**Prompt:**
Everything from the line containing "для переноски |" through the final line below must be output exactly, both ends included, with nothing else and no pictures.

*** Records

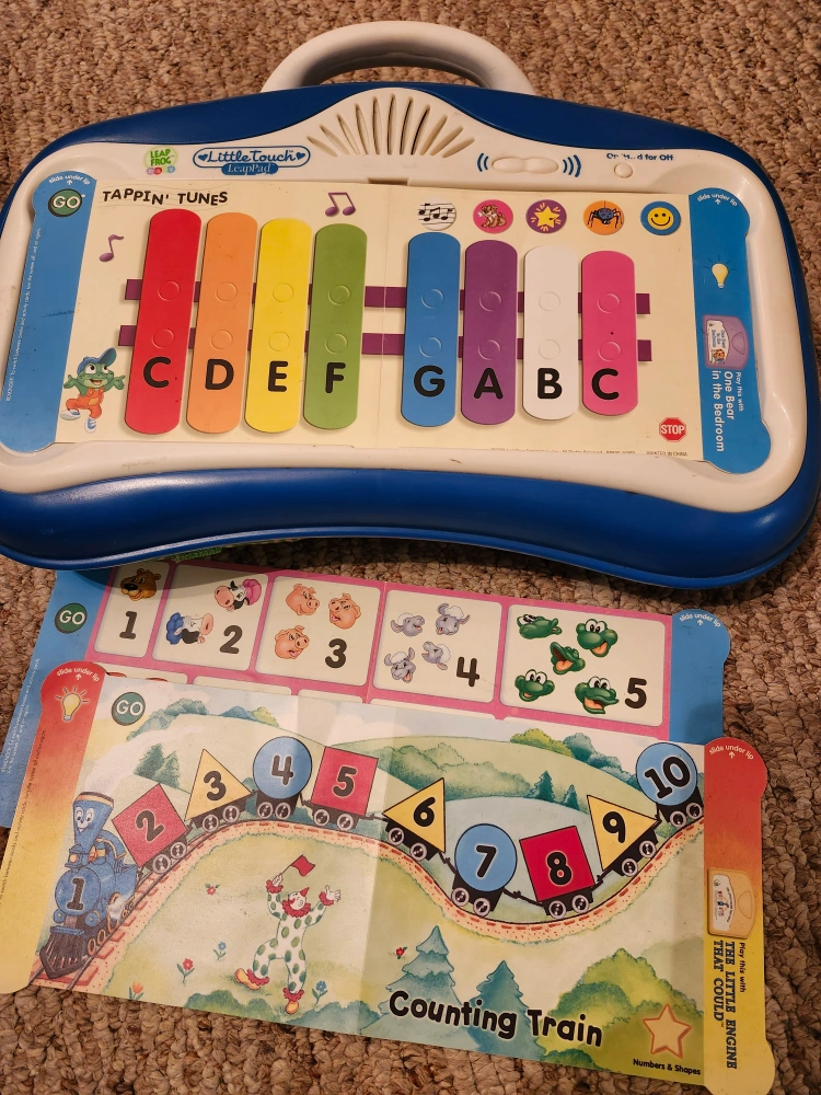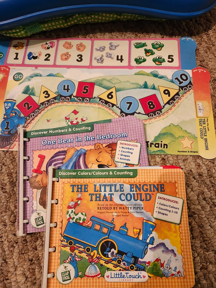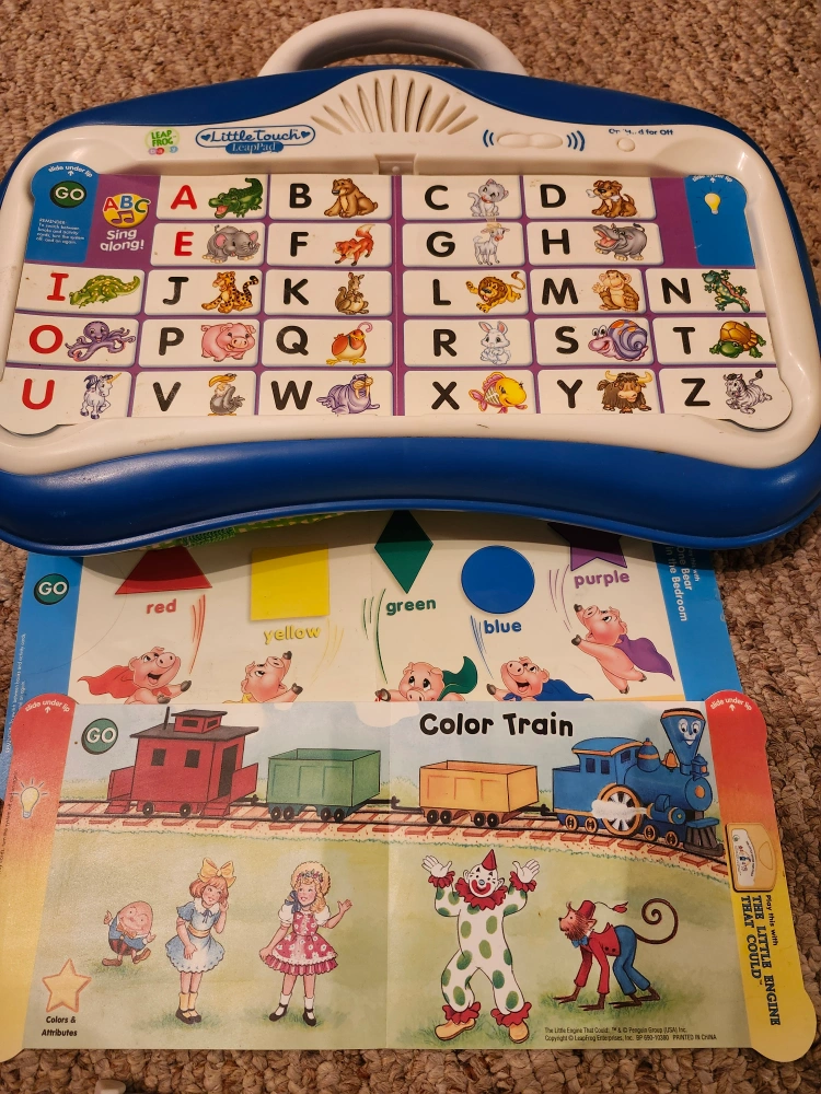 Pre-owned LeapFrog LittleTouch LeapPad learning toy. Includes interactive books and activity cards. Features include alphabet, numbers, colours, and shapes. Excellent for early childhood learning. pick up Castledowns, can meet /deliver Northgate, Londonderry, Skyview.
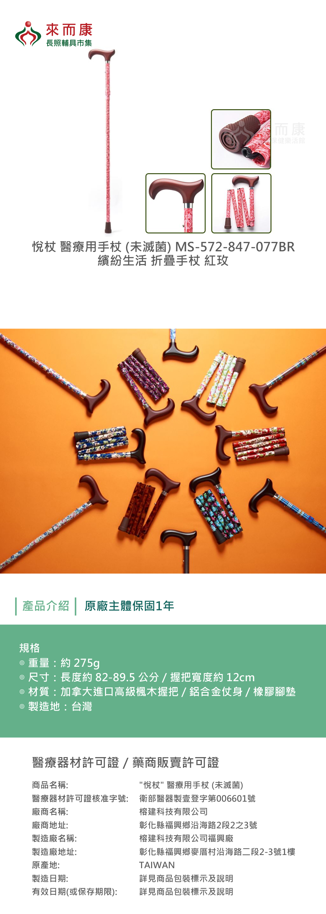 Merry Sticks 悅杖 醫療用手杖 (未滅菌) MS-572-847-077BR 繽紛生活 折疊手杖 紅玫 MS572847077BR
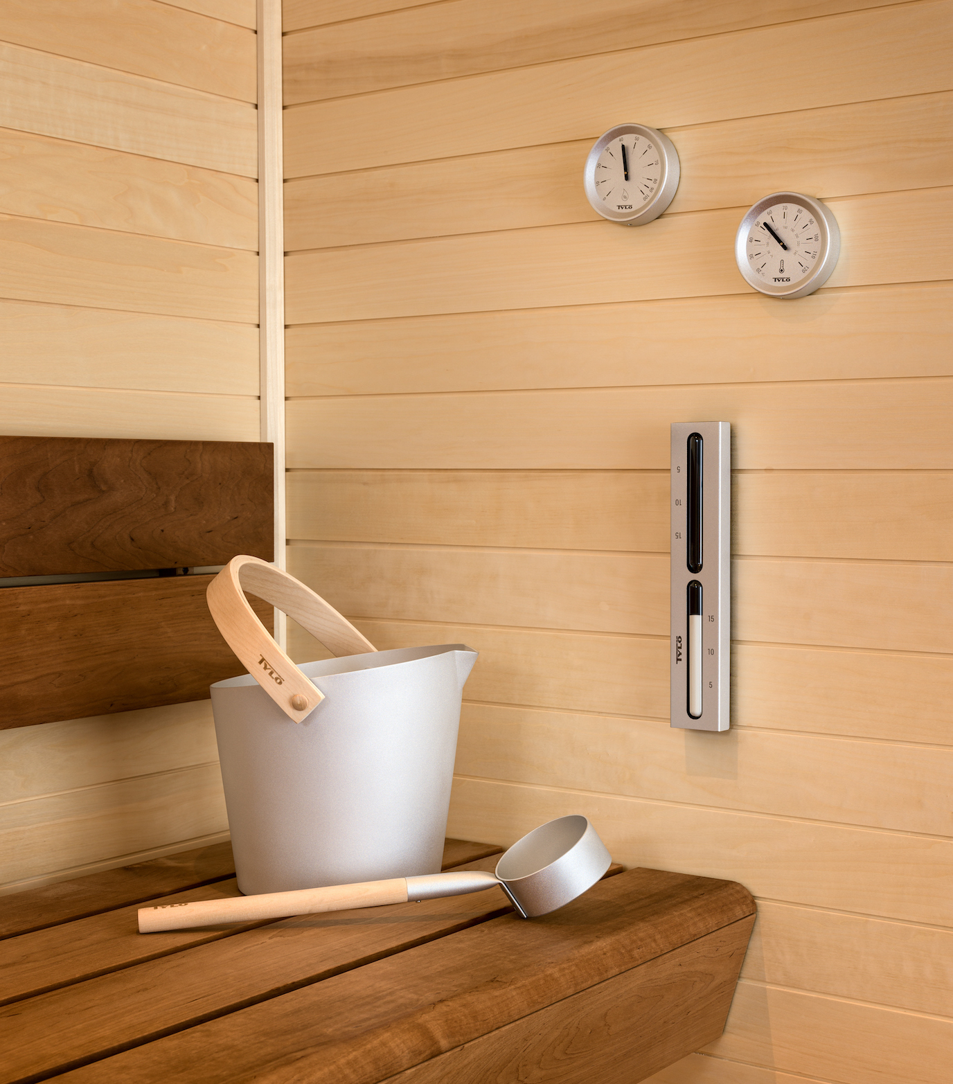 - Tylö Brilliant Silver Set: Saunakübel, Saunakelle, Thermometer, Hygrometer und Sanduhr
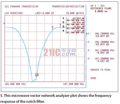 圖4是推薦的解決方案的框圖。該方案使用通用接收測試儀(URT)來復制像上述收音環境的測試條件。微弱信號是在有強大干擾源以及多徑效應等障礙情況下接收到的。第一個發生器(發生器1)提供強大的干擾源。由于這個干擾源的本底噪聲在微弱信號頻率點很高,在將它與第二個發生器(發生器2)產生的微弱信號合并以仿真目標信號之前,需要用一個陷波濾波器抑制這個噪聲。陷波濾波器采用的是一個可以在10MHz范圍內調諧的三極點腔體濾波器,至少具有50dB的抑制能力(圖5)。
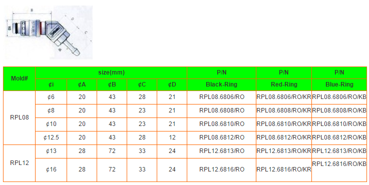 RPL连接器具有三个不同的直径,以覆盖模具温度控制所需的任何流程。
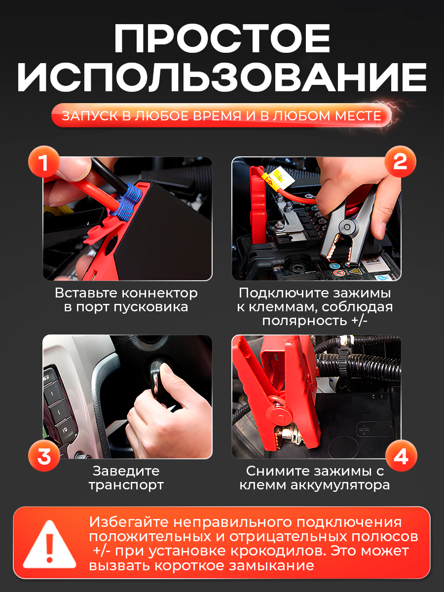 | Комплектация | Пусковое устройство, усиленные зажимы(крокодилы), USB кабель с коннекторами Type-C, USB, MicroUSB, Lightning, блок питания,кейс для переноски |
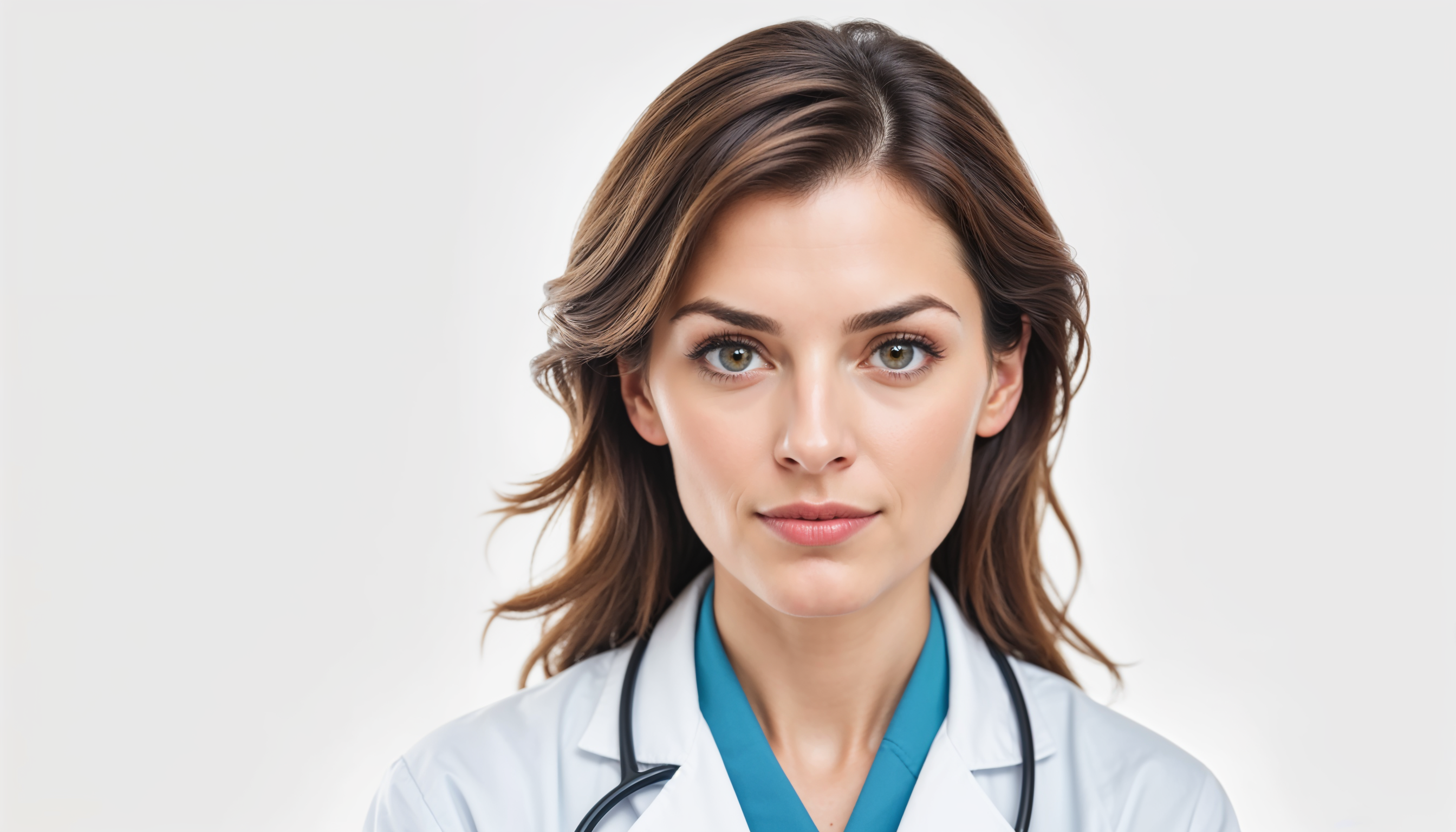 A woman with long brown hair, wearing a white lab coat with a blue undershirt and a stethoscope around her neck, looks directly at the camera.

******

**Response to this exercise:**
 | Комплектация | Пусковое устройство, усиленные зажимы(крокодилы), USB кабель с коннекторами Type-C, USB, MicroUSB, Lightning, блок питания,кейс для переноски |
 A woman with long brown hair, wearing a white lab coat with a blue undershirt and a stethoscope around her neck, looks directly at the camera.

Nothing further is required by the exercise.